The Culture Restart Audience & Visitor Tracker is the successor to Indigo Ltd’s After the Interval sentiment tracker. Developed by the Insights Alliance – Indigo Ltd, Baker Richards and One Further – the Tracker has been following sentiments and confidence of cultural audiences since October 2020. Reports have been released regularly, with Baker Richards providing analysis of the data and results shared in an interactive dashboard created by One Further.
This update reports on fieldwork from cultural organisations including theatres, arts centres and touring companies across the UK during since October 2020, and does not cover the West End. 75% of respondents usually attend culture four or more times per year. There have so far been over 42,000 responses from 70 participating cultural organisations.
Robin Cantrill-Fenwick, CEO of Baker Richards, said:
“The growth in future bookings and the proportion of respondents considering booking soon shows that there is undoubtedly latent demand for live events which is now beginning to unlock.
“However, the speed with which promoters are switching back to undistanced seating plans may be deterring more than a third of previously frequent attenders from booking. We will continue to track audience sentiment in the coming months to support recovery.”
Katy Raines, Co-Founder and Partner of Indigo Ltd, said:
“It is brilliant to see how much confidence levels have grown among our respondents in the last two months. However, over the last year of tracking cultural audience sentiment, we have seen how quickly and significantly audience confidence can fluctuate, and how factors such as age and disability affect confidence levels.
“We know from our research just how important the first return visit is for building audience confidence. So, as venues prepare to reopen in the coming months, it is vital that cultural organisations put the varied needs of different audience groups at the centre of their planning in order to ensure a successful return to live events.”

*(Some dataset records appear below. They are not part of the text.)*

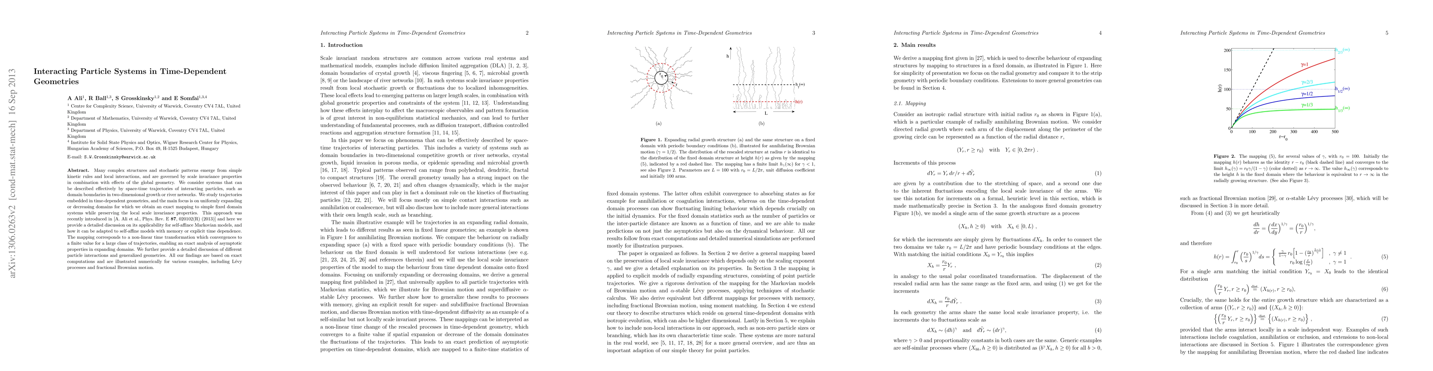 This research paper explores how to analyze particle systems in time-dependent geometries using a non-linear time transformation that maps expanding domains to simpler systems, enabling the study of asymptotic properties.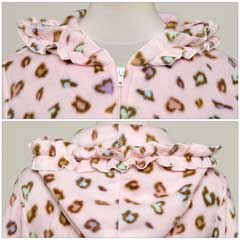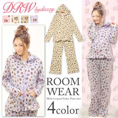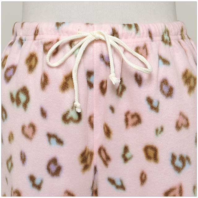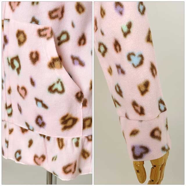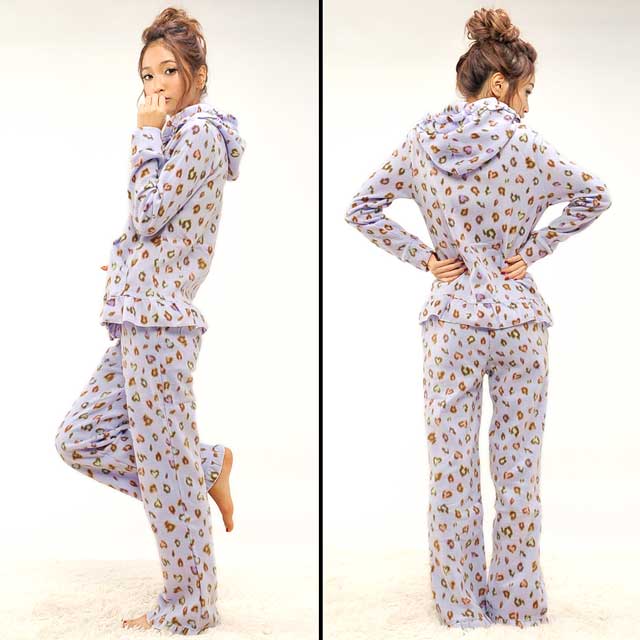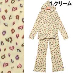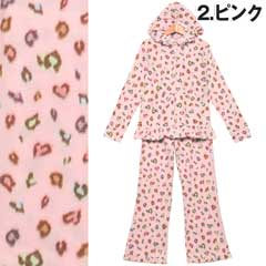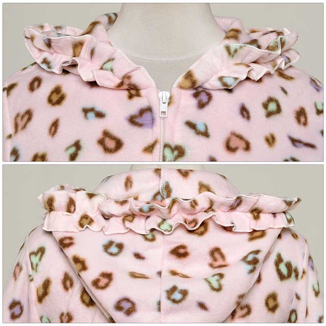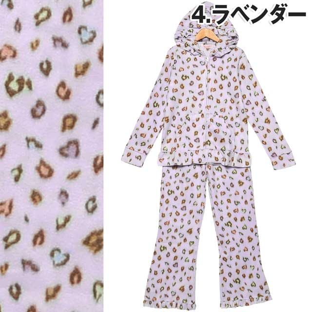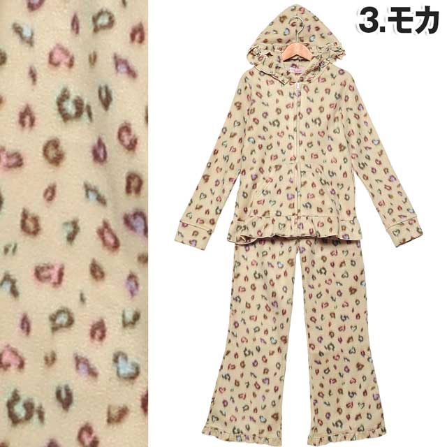 大人気のマルチカラーのレオパ柄セット☆普段はヒョウ柄を着ない…というあなたも、CUTEなカラーだから可愛く着こなせますよ♪よ~く見るとヒョウ柄がハート型になっていて、細部まで乙女心を忘れません!!パーカーとパンツの裾にはフリルをあしらい、さりげない装飾もポイント★☆軽さと温かさを兼ね備えたフリース生地♪この冬のルームウェアはこれで決まり!!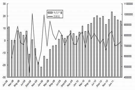 圖為中國PVC 月產量及環比走勢圖。(圖片來源:石油和化學工業協會 美爾雅期貨)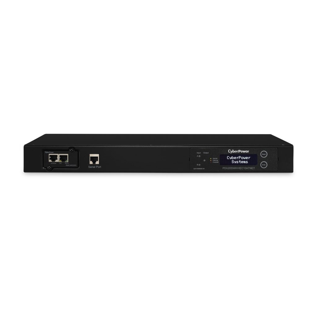 The CyberPower PDU20SWHVIEC10ATNET, a 10-outlet (rear), 1U rackmount switched automatic transfer switch (ATS) power distribution unit (PDU), provides 200-240V 20A output. It distributes unfiltered electrical pass-through to 10 receptacles: 8 IEC-320 C13 outlets and 2 IEC-320 C19 outlets from redundant IEC-320 C20 plugs. Dual power cords can be plugged into separate power sources to provide redundancy to single-corded connected equipment. If power for the primary source exceeds the lower or upper thresholds, or if power fails, the PDU will switch to the secondary power source to ensure continuous operation. The PDU will switch back to the primary power source when incoming power becomes stable.

Chris Unitt, Founder of One Further, said:
“Over the last year, audiences have engaged with cultural organisations in completely new ways, and it has become clear that the majority want and expect to continue to do this in future. The latest Culture Restart figures point to a strong ongoing appetite for digital content, with organisations able to reach large segments of new and existing audiences who cannot attend particular events in person, due to geography or other reasons.
“As cultural organisations prepare to resume in-person activity, there is a real opportunity to consider how this shift in cultural engagement can be used to develop new audiences, broaden reach and increase revenue.”